明治大学の研究グループは,人体に無害な近赤外光を用いた筋血流計測技術を開発した(ニュースリリース)。
柔道整復師が主に筋肉に対して行なう,揉む,擦る,押す,叩くなどの「手当て」は手技療法と呼ばれ,病院や接骨院などにおける運動器の治療やスポーツ選手の筋肉疲労の回復,スポーツ外傷や障害の予防法として広く普及している。
手技療法は筋肉の緊張や痛みを和らげ,血流を促進させて体内の老廃物を除去すると考えられ,薬や外科的処置によらない費用対効果の高い治療法と捉えられてきた。しかし,これまで手技療法の効果は施術者と手技療法を受けた側との主観的な評価のみによって行なわれ,客観的な評価に乏しいものだった。
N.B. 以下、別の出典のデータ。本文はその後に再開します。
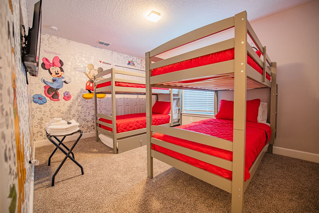 • Bedroom 4: Two Bunk Beds, one of them with an additional drawer in the bottom (twin side bed). Smart TV. “The Mickeys Room”
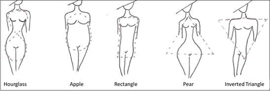 Based on these results, it was possible to select which students would participate in the second phase of the research, since the determination of the biotype is of extreme relevance in the choice of the pant models to be produced in order to attend to the corporeal dimensions of the users. The intention in considering this variable was to know the biotype of the users who would wear the jeans and carry out the evaluations. The shapes of women’s bodies represented in the questionnaire were based on the study by Vuruskan & Bulgun,31 and are shown in Figure 1.
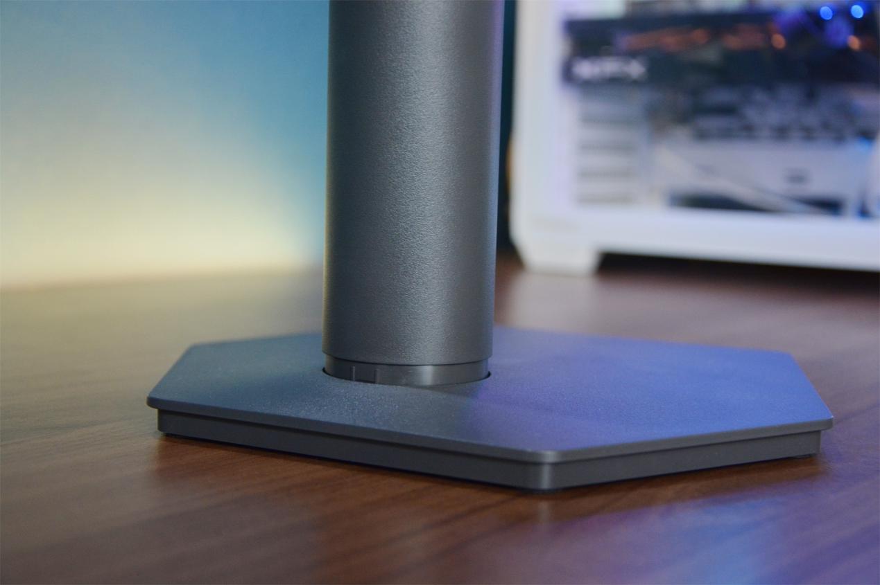 新模具上,机身底座优化成了一个正六边形设计,放在桌面上众向占地只有199mm,非常的节省桌面空间。这样学生宿舍或者小书桌也能轻易放下。略有遗憾的是,支架采用了固定式设计,仅支持俯仰角度调节。可以搭配增高支架或者机械臂使用。

そこで研究グループは,体内に照射した近赤外光の拡散状態から生体組織の血流変化を計測可能な拡散相関分光法(DCS)に着目し,肩こりの好発部位である僧帽筋を連続的に計測可能な筋血流イメージング手法を開発した。DCSは,赤血球が近赤外光を拡散する性質に着目して,生体組織の血流速度を非侵襲的に計測する分光法。
計測の結果,5分間の手技療法により僧帽筋の平均血流が約1.4倍に増加していることが分かり,これは同じ時間だけ安静にしていた場合よりも有意に増加していたという。さらに,手技療法の前後では,心拍数,血圧,自律神経活動は変化せず,手技療法は全身の循環状態に影響を及ぼすことなく,目的とする筋の血流のみを増加させる働きがあることが分かった。
さらに,肩こりがある人(僧帽筋部が硬い人)と肩こりが無い人では、肩こりがある人の方が、手技療法により筋血流がより増加したことが分かった。これらの結果は,手技療法によって肩の僧帽筋の血流が促進されること,肩こりのように筋肉が硬くこわばった人は手技療法による血流促進効果が特に高いことを示すもの。
研究グループは,DCS技術を用いて筋血流の変化を数値化したことにより,手技療法の効果を客観的に評価することに成功した。今後は,手技療法の施術を受ける患者の治療効果のモニタリングや,施術者の教育への応用が期待されるとしている。